### [AIM OF THE EXERCISE]
Below are the records; give again exactly the lines from the one containing "nanoparticle" through the one containing "Painting for the American Museum.", leaving out pictures.

### [SUPPLIED RECORDS]
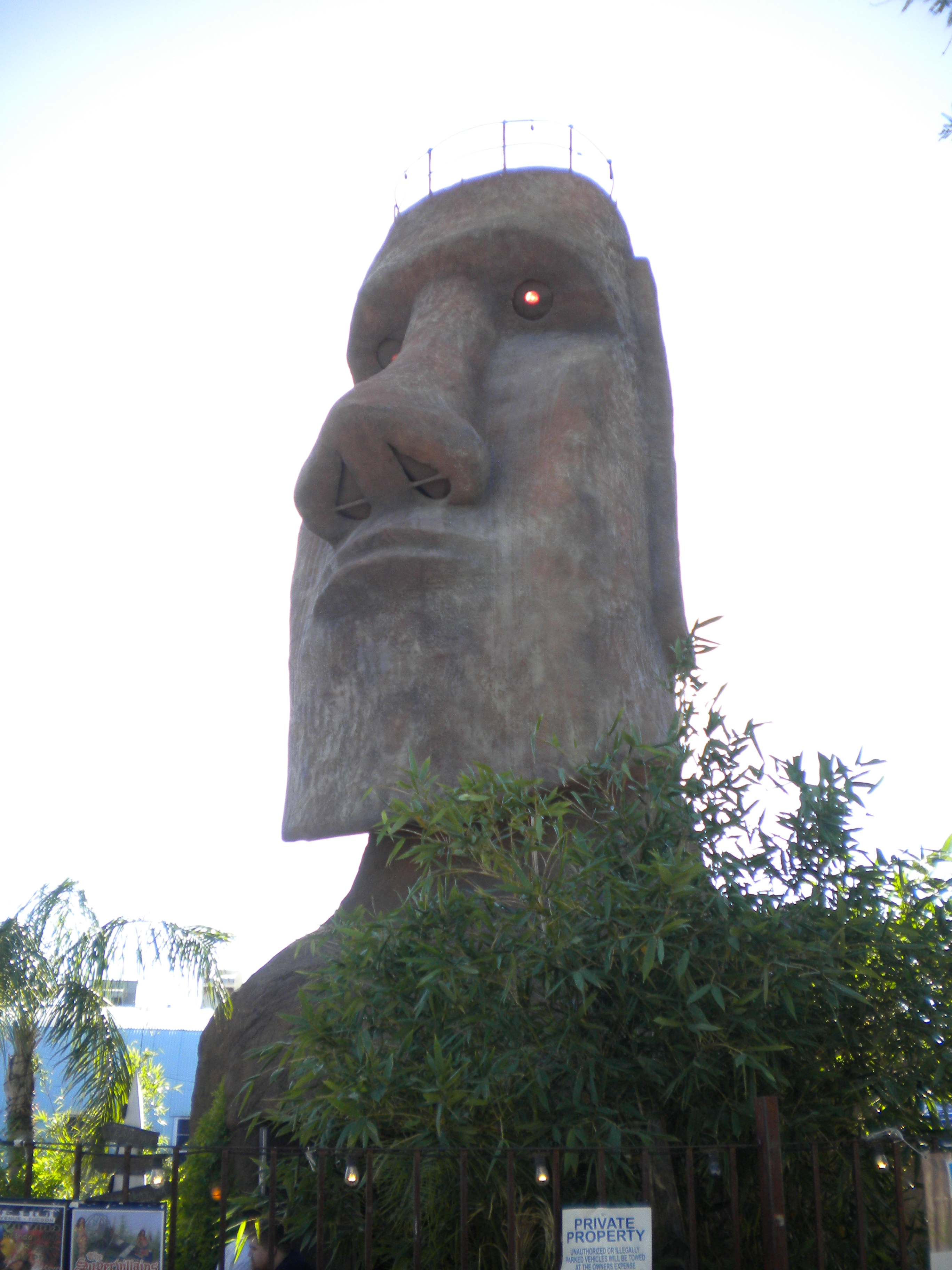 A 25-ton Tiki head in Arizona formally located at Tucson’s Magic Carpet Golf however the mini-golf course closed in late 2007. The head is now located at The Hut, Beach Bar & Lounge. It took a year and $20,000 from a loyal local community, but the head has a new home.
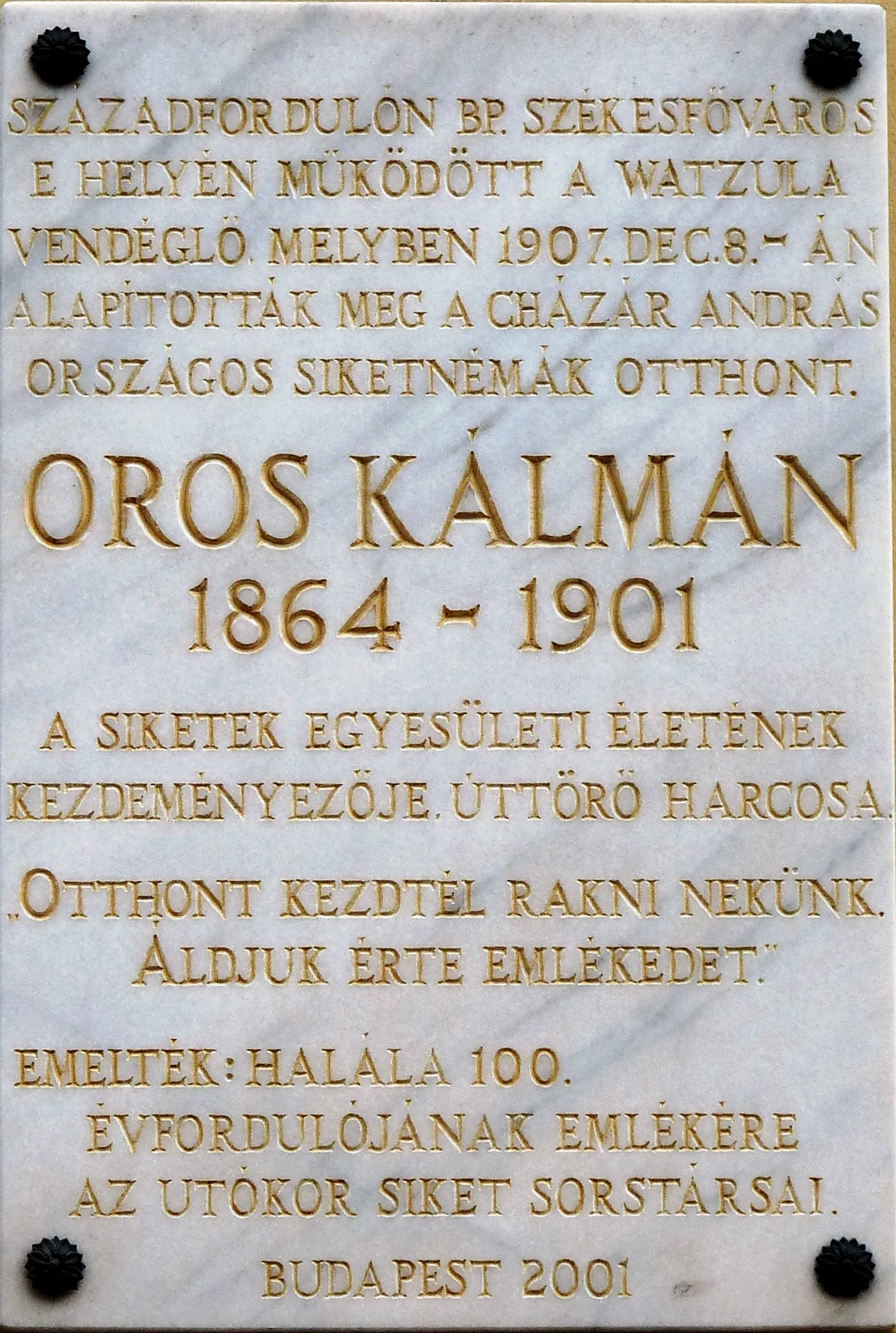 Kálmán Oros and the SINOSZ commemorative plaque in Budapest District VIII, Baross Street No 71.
...
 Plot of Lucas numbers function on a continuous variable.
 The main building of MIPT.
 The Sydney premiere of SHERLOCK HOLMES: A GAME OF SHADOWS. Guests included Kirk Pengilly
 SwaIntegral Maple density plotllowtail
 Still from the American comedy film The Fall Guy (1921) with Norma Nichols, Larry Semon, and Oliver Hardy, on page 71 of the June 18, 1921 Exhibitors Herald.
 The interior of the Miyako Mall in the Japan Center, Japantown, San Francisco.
* * *
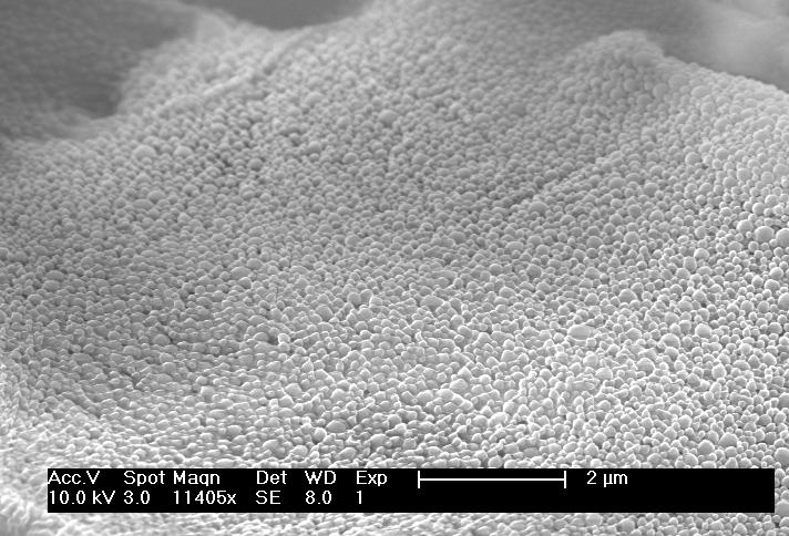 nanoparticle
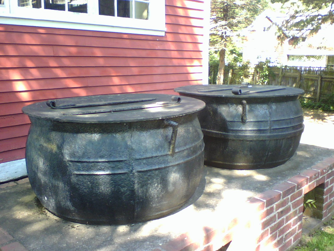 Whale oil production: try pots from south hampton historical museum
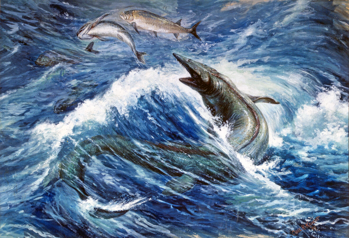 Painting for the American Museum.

### [TASK ANSWER]
 nanoparticle
 Whale oil production: try pots from south hampton historical museum
 Painting for the American Museum.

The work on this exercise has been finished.